Although funding body policies support PPI, this support was not usually evident in the HTA Board feedback to applicants at the outline stage. This may be due to the difficulties in assessing PPI given the lack of detail provided within applications, or indicate that at the outline stage the weight of the decision about progression is on the perceived relevance of the question and design. When feedback about PPI was given this did not provide any guidance on how it should be addressed. Statements about the need to improve PPI should be supported with guidance on what PPI contributions would be appropriate within the trial being considered. Peer reviewers and Board members who are asked to comment on PPI should be supported in doing so. Adoption of critical appraisal guidelines may be beneficial in achieving this.18 From 2012 NIHR HTA funding Boards include a PPI representative. The impact of this on the frequency of comments and their content is not yet known.

Our findings also raise questions about what sort of experience qualifies (or disqualifies) individuals to be PPI contributors, as identified within the comments from the Board. Regardless of whether they have relevant personal experience, should individuals with professional clinical or research experience become PPI contributors? Does an individual's experience in a professional capacity somehow weaken their ability to adopt a patient or carer perspective, or does a professional background strengthen a person's ability to contribute to the research? Current NIHR HTA guidance states that “To achieve the aim of bringing fresh eyes to the work of the HTA programme a patient or member of the public should not normally be a health practitioner, manager or researcher” (http://www.hta.ac.uk/PPIguidance/section1_2.shtml, last accessed 26 September 2013).
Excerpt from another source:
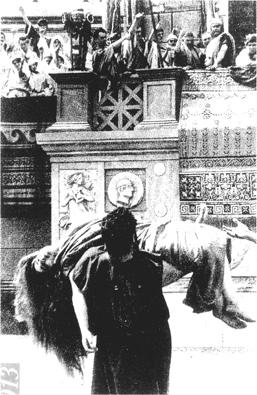 | 释义 | 你往何处去 【片头介绍】: 1912 黑白片(无声) 3000米 意大利西乃斯公司摄制 编导:恩里科·瓜佐尼(根据显克微支同名小说改编) 摄影:乔瓦尼·维特罗蒂 库尔·库克 主要演员:塞雷纳(饰彼得罗留斯) 卡斯戴拉尼(饰乌尔苏斯) 【剧情简介】: 故事发生在尼禄统治下的罗马帝国。 公元64年,尼禄这位不可一世的暴君感到自己的政权开始受到了威胁:罗马行政长官佩达尼乌斯遭到了暗杀。遇害前,佩达尼乌斯正在对从事秘密活动的基督教徒进行调查。于是,他只好另派自己的宠臣彼得罗留斯继续调查。 彼得罗留斯是个着名文人,虽然他深受皇帝的宠爱,在宫廷中颇有势力,但他深知,自己只不过是皇帝的御用文人而已,随时随地有被加害的危险。 因此,他处事小心谨慎,同时对人民宽厚为怀,所以对调查并不积极。这时,他的惟一亲人,外甥维尼兹尤斯出征巴提阿胜利归来。在一次聚会上,维尼兹尤斯认识并爱上了漂亮姑娘莉吉娅。她是个从小作为人质留在罗马的外国首领的女儿,父母双亡后,便被大臣普鲁因斯收养。 同她朝夕相处的有随身卫士、大力士乌尔苏斯。莉吉娅是个基督教徒。 当时,基督教被统治集团视为异端,但维尼兹尤斯同莉吉娅及其朋友相处中,发现了基督教徒的高尚品德,思想上亦发生了变化。他想娶她为妻,便求舅父彼得罗留斯向尼禄请求,将她赐给自己。 尼禄挥霍无度,常在宫廷中举行通宵达旦的舞会,令宫女们跳裸体舞。应彼得罗留斯的请求,尼禄派人将莉吉娅接到宫中,参加晚会,算是默许了这桩婚事。 晚会上,活泼可爱的莉吉娅能歌善舞,博得了尼禄小女儿的欢心。两人一起玩耍至深夜。次日,小女孩得了一种神秘的怪病,巫师们说,这可能是莉吉娅身上的邪气影响了小女孩。不久,尼禄的小女儿死去。 尼禄忧伤悲愤。听信巫师,迁怒于莉吉娅。 他竟然下令,将所有的基督教徒处死。基督教徒们东躲西藏,维尼兹尤斯为此惶恐不安。 一日,残忍的尼禄令禁卫军在罗马四处放火,他则带着群臣,在罗马近郊山上观望大火。这时他诗兴大发,即席作诗,渴望自己像荷马一样能够垂名青史。 但他哪里知道,这场大火烧毁了大半个罗马城。他的罪恶行径引起了罗马人民的激愤,一场骚乱即要发生。尼禄只好派深得人心的彼得罗留斯去进行平息,同时又派人四处散布谣言,说是基督教徒放的火,以转移人民对皇帝日益增长的不满。 于是,一场对基督徒的大迫害开始了,莉吉娅等人被捕入狱。 基督教徒们被一批批带进角斗场,有的喂了猛虎雄狮;有的惨死在角斗士的棍棒下。最后轮到莉吉娅受刑了。 她被剥去衣服,绑在一头凶猛的公牛的两角之间。公牛在角斗场上狂奔,这时,大力士乌尔苏斯突然出现。 他冲上前去,运用两臂的神力,将公牛摔死,从而救出莉吉娅。 彼得罗留斯为未能劝阻尼禄放火的罪行而惭愧。他不愿再在尼禄的宫廷里供事,便回到罗马乡下的家中,平静地自杀身亡。对他忠心耿耿的女奴艾尼丝也心甘情愿地随他而去。 罗马人民忍无可忍,终于发生了叛乱。尼禄在混战中,终于结束了自己罪恶、凶残的一生。 。【鉴赏】: 这是意大利第一部长故事片,改编自波兰作家显克微支曾获得诺贝尔奖的同名小说(1896年出版)。 原小说描写尼禄统治下的罗马历史,其故事情节曲折离奇,引人入胜。尼禄是罗马公元54~68年的皇帝。他骄奢淫逸,嗜血成性,深为人民所痛恶。公元64年,在他纵火毁烧罗马城后,人民便开始酝酿暴乱,同时元老院也对他日益不满。 元老院在68年终于对他下了死刑判决。他在起义者的包围中,被迫自杀,死时年仅30岁。 这部以古罗马为背景,反映暴君尼禄的影片,不仅征服了欧洲观众,还在美国多次放映(最后一次发行是在1919~1920年),为制片人赚回了原投资(50万里拉)的10至20倍的钱。雕塑家罗丹将其誉为“杰作”,是意大利电影初创期辉煌的历史宫闱片之一。 影片吸引人,不仅在于它的长度,还因为制片人不惜巨资,搭建了宏伟的罗马宫殿,组织了壮观的群众场面,如罗马的大火,御花园的人灯,皇宫的盛大宴会。另外,有许多特技的壮观场面令人惊奇和赞叹:如战车狂奔,炮火连天;竞技场的角斗以及把基督教徒仍进狮群等。 演员的演技亦备受赞赏,尤其是塞雷纳所饰演的狡猾的彼得罗留斯,卡斯戴拉尼所饰演的健壮活跃的乌尔苏斯更为人广泛称颂。卡斯戴拉尼的成功表演甚至受到了英王乔治五世的庆贺。 影片的成功激励并推动了长故事片的生产,而且也常常为后人所仿制或重拍。首先,在国内,敏锐的意大利电影企业家意识到,把意大利的历史古迹和风景作为影片的背景去使用,使影片更具有感染力。 于是,西乃斯和意大拉等大影片公司,相继拍摄了从荷马史诗到莎士比亚,从但丁作品到圣经故事的历史题材影片。 其中,最有名的是1914年摄制的大型故事片《卡比利娅》和其他古装片如《奥瑟罗》和《庞贝城的末日》等影片。这种以古建筑遗址为背景加上高超的雕刻技艺,为意大利早期电影带来了创作的繁荣。 其次,影片在其他国家,尤其是美国上映后,不仅受到观众的喜爱,更启发了电影工作者的深思。 它的技术革新和壮观场景设计使电影业发生了一次重大的革命。它那种使观众超越时空,恍如置身于影片中的自由表现手法就直接影响了格里菲斯,后者在仔细研究了《你往何处去?》、《卡比利娅》等片之后,即成功地拍摄了《党同伐异》中的巴

There is also confusion about whether it is acceptable for individuals who have a PPI role in a professional capacity as well as relevant personal experience to provide PPI. Concerns have been previously raised about PPI representatives becoming professionalised,19 and evidence is needed on whether this is a legitimate concern. This should be rationalised against the fact that PPI representatives are generally individuals who are selected by researchers based on their attributes, and their ability to ‘represent’ the wider population of interest may be questioned, however, this may not impact their ability to communicate their unique ‘lay’ perspective.20

Future research

The lack of detail on PPI at the early stages of research development needs to be addressed. There is a keen interest in determining whether the perceived benefits of PPI lead to tangible benefits for research. The activities of PPI contributors need to be tracked to provide insights on when and what type of involvement may be linked to impact. Further research tracing the evolution of PPI within this cohort is being undertaken.